Elias Rodriguez

Personal information
- Born: 23 August 1964 (age 61) Pohnpei
- Height: 5 ft 4.5 in (1.64 m)
- Weight: 62 kg (137 lb)

Sport
- Country: Federated States of Micronesia
- Sport: Athletics
- Event: Men's Marathon

Achievements and titles
- Olympic finals: 2000 Summer Olympics
- Highest world ranking: 81

= Elias Rodriguez (athlete) =

Micronesian athletics competitor

Elias Rodriguez (born 23 August 1964 in Pohnpei) he is a retired athlete who competed internationally for the Federated States of Micronesia.

Rodriguez represented Federated States of Micronesia at the 2000 Summer Olympics in Sydney. He competed in the marathon where he finished 81st in a time of 3:09:14.

Rodriguez's training for the 2000 Olympic marathon included pre dawn long runs over hills on his home island of Pohnpei and speed work in the evenings following days working at a full-time job. Rodriquez's Olympic marathon experience was unique according to coach and training partner Jim Blair, "Elias may have been the only marathoner running that day whose training included a full day's work at a hardware store."

In a field of 100 Rodriquez finished 81st, ahead of 19 world-class runners who had dropped out.

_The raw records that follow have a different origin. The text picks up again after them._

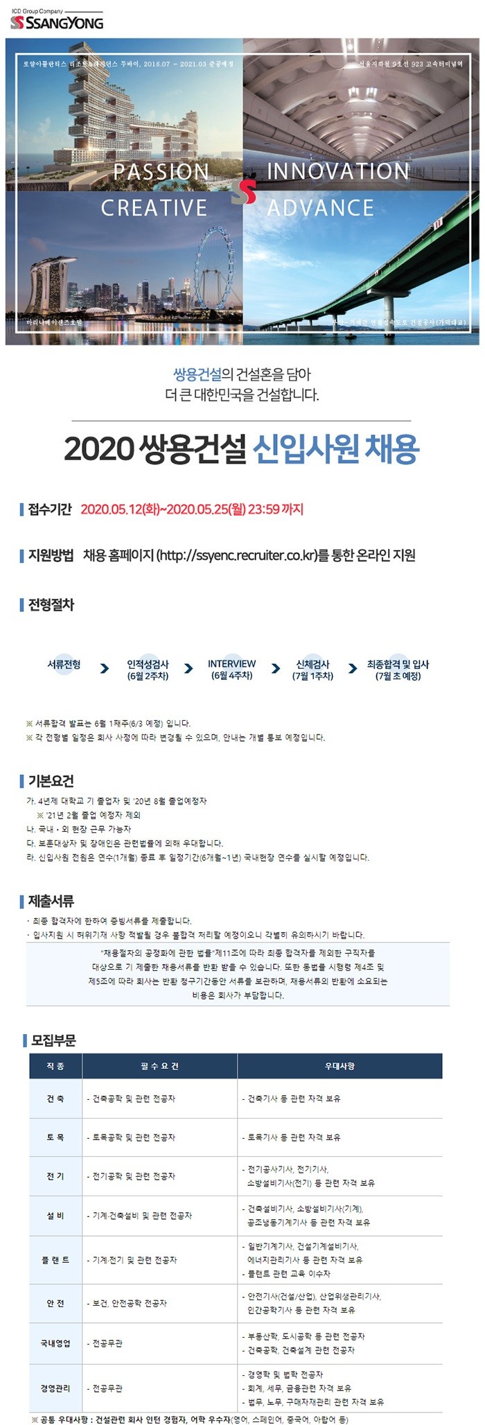 [세계타임즈 심귀영 기자] 쌍용건설(대표이사 회장 김석준)이 코로나 19 사태로 경기와 고용시장이 침체된 상황에서도 글로벌 건설명가의 주역으로 성장할 신입사원 약 30명을 채용에 나선다.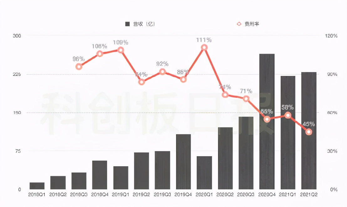 先看拼多多在Q2盈利的原因,從數據上來看,主要是由於其營銷成本的控制,拼多多在Q2的銷售與市場推廣費用為104億元,比今年Q1大幅降低了30億元,其銷售費用率實現了上市以來的新低。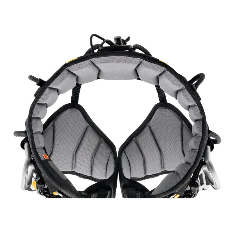 Für den Aufstieg am Einfachstrang konzipierter Gurt: ventrale Halteöse zum Einhängen eines mechanischen Prusik ZIGZAG oder ZIGZAG PLUS mit den Zubehören CHICANE und KNEE ASCENT und eine rückseitige Schnalle zum Installieren einer CROLL-Bruststeigklemme mit einem SECUR-Schulterträger.
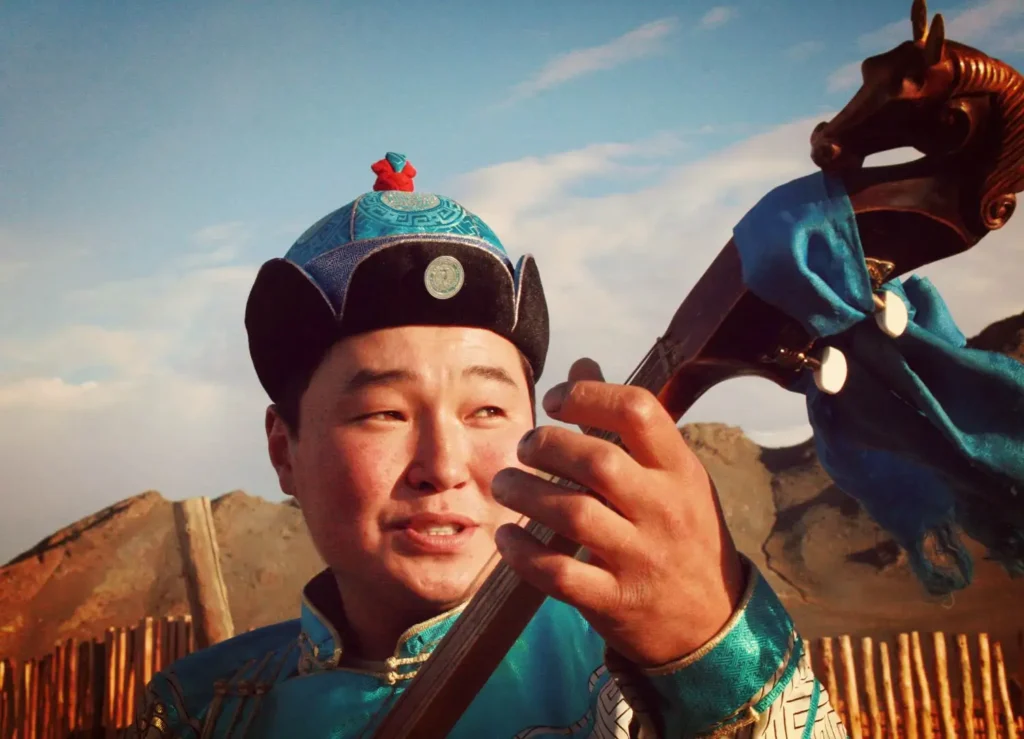 He blends ancient khöömei styles with subtle contemporary elements, drawing on his skills with instruments like the igil fiddle and doshpuluur lute—many of which he crafts himself—to create works that evoke the spiritual essence of his Kazak heritage.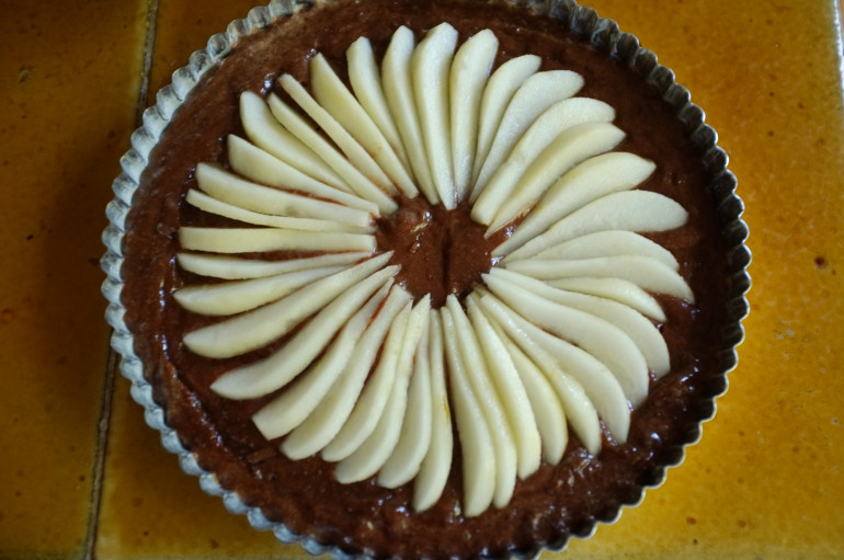 Peler et couper les poires en fines lamelles égales. Disposer les lamelles de poires en cercle sur la pâte sans gluten. Cuire 40mn, en n’oubliant pas de faire une rotation du moule à mi-cuisson.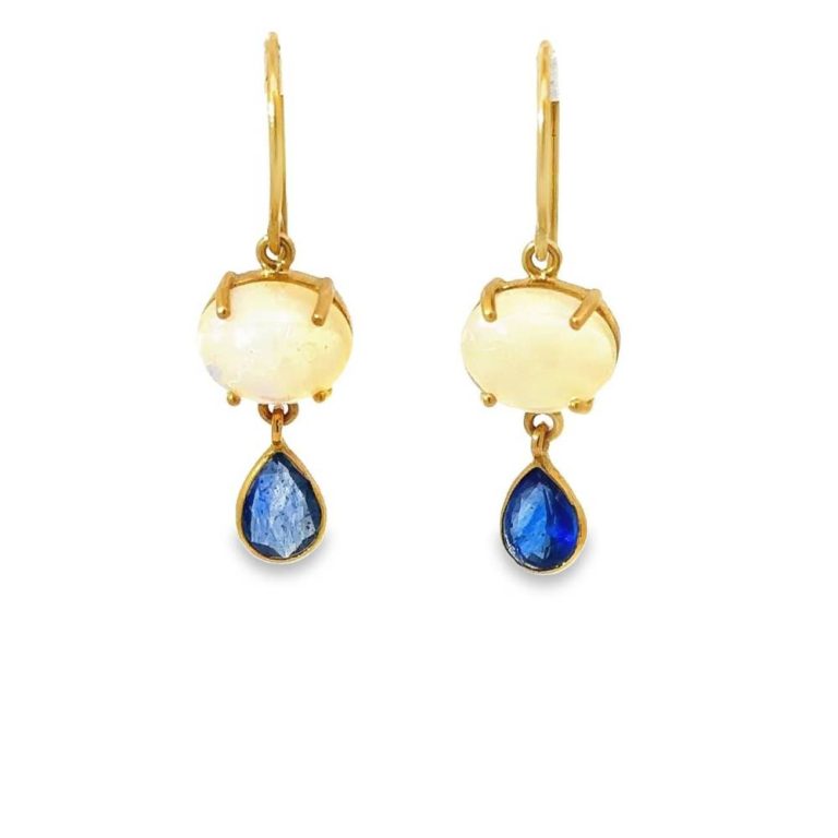 18ct Yellow Gold Opal & Sapphire Drop Earrings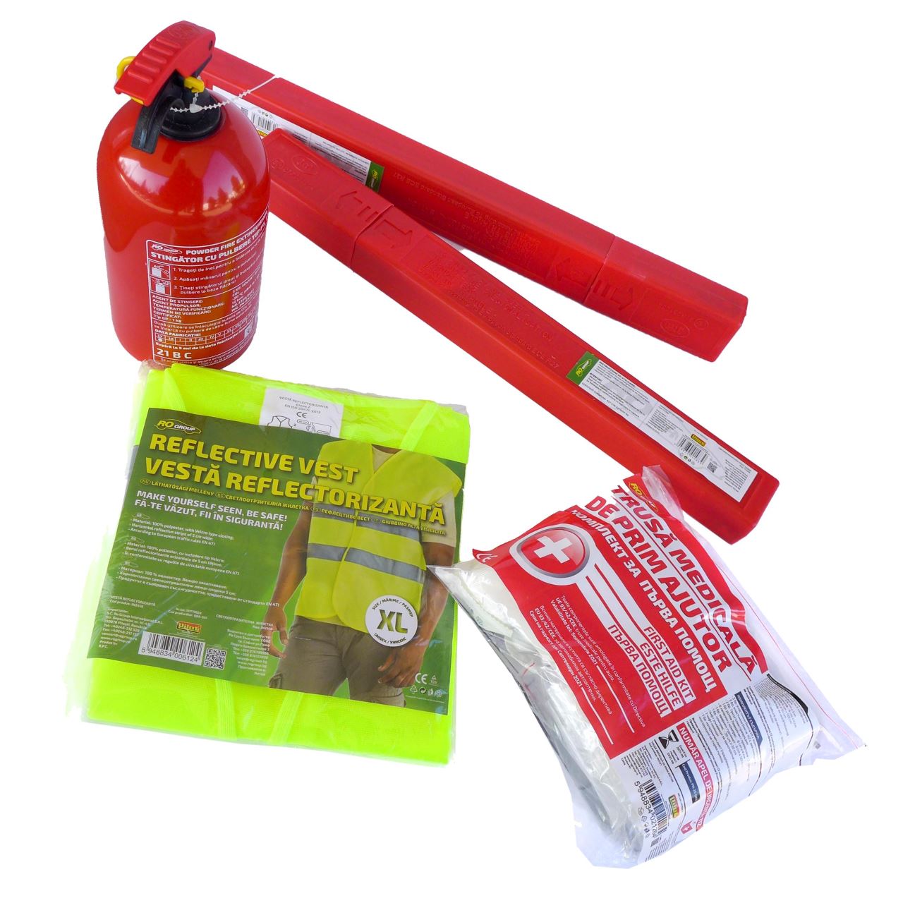 Daca ai nevoie de un set siguranta auto practic, complet si usor de depozitat, acest model RoGroup este o solutie eficienta pentru echiparea masinii tale.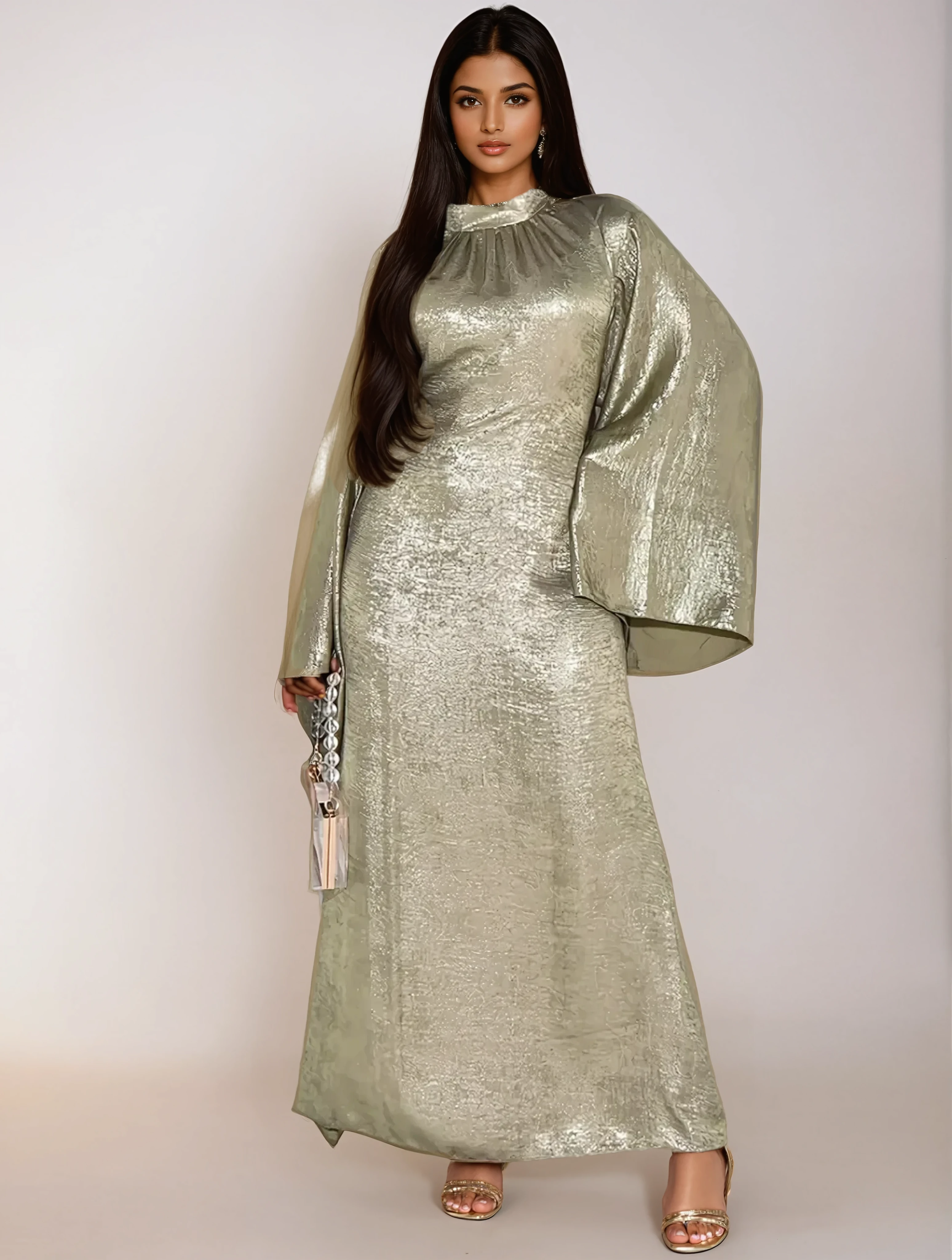• Vysoký výstrih a rozšírené rukávy pre diskrétnu eleganciu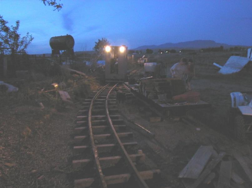 Back at it on Saturday night the 12th of May. The compromise joint on the #2 engine house track is progressing. Notice how interweaved our ties are near the switch. At 4' long they are longer than 'scale', reduce the need for switch length ties and stabilize the track well on our sometimes soggy ground. We only need four longer ones for each switch. Also note that we had to build all the 35 pound track in straight sections, attach it with heavy joints and curve it after it was attached.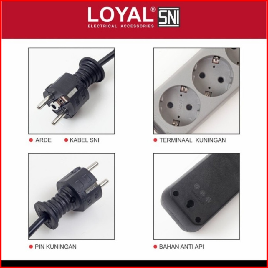 Stop Kontak 4 Lubang Loyal Ly-208 Dengan Saklar Dan Kabel 3 Meter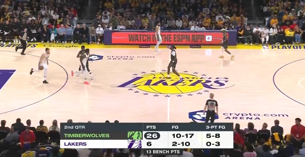 森林狼轰出一波266!湖人无奈喊下第4个暂停!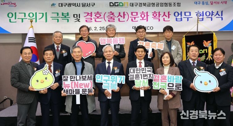 [신경북뉴스] 대구 달서구는 25일 EXCO에서 대구경북금형공업협동조합(이사장 박만희)과 인구위기 극복 및 결혼·출산문화 확산을 위한 업무협약을 체결했다.

As the last athlete to compete in the 2000 Sydney Olympics Rodriquez may have received its largest ovation as over 100,000 spectators cheered him on as they awaited the closing ceremonies and fireworks only moments after he crossed the finish line.

==Post-Olympic career==
Rodriguez coached and mentored the Federated States of Micronesia's Olympic track and field athletes at the 2016 Summer Olympics held in Rio de Janeiro, Brazil.